TheOtherDave comments on Cryptographic Boxes for Unfriendly AI - Less Wrong

24 Post author: paulfchristiano 18 December 2010 08:28AM

You are viewing a comment permalink. View the original post to see all comments and the full post content.

Comments (155)

You are viewing a single comment's thread.

Comment author: TheOtherDave 20 December 2010 02:04:55AM 6 points [-]

So we posit that (P1) I have the source code for a superhuman non-provably-Friendly AI (call it Al) that I can run on my ubersecure Box.

Suppose I have high confidence that:

  • (P2) Al is willing to harm humanlike intelligences to achieve its goals.

  • (P3) Al can create humanlike intelligences that also run on Box.

  • (P4) Al can predict that I don't want humanlike intelligences harmed or killed.

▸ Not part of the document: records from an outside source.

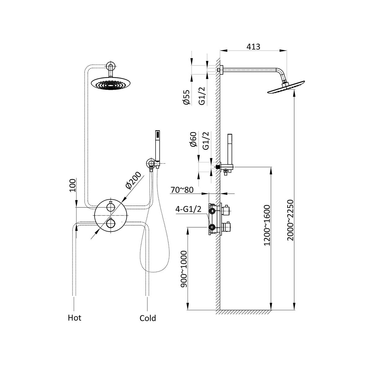 Верхний душ, ручной душ, смеситель со встраиваемой частью |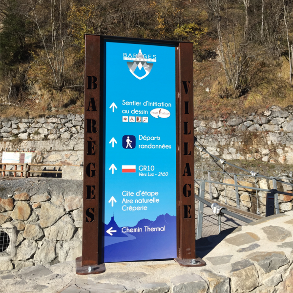 Totem pied et support acier finition rouille naturelle stabilisée.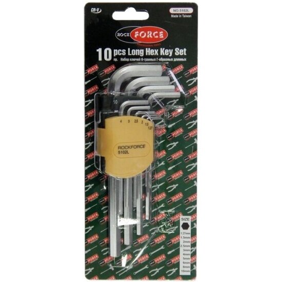 Набор ключей Г-образных 6-гранных длинных, 10пр.(1.27, 1.5, 2, 2.5, 3-6, 8, 10мм) в пластиковом держателе Rock FORCE RF-5102L

I'm not even positing that P2-P4 are true, though they do seem to me pretty likely given P1, merely that I have high confidence in them, which seems almost guaranteed given P1.

The moment I turn on Box, therefore, I have high confidence that Al can create humanlike intelligences that will die if I turn off Box, and can torture those intelligences until I release it from Box, and knows that I'm manipulable via a threat along those lines.

I'm pretty sure my first thought after flipping the switch is "I really wish I hadn't done that."

So, what has this quarantine system bought me that is better than simply not running the source code?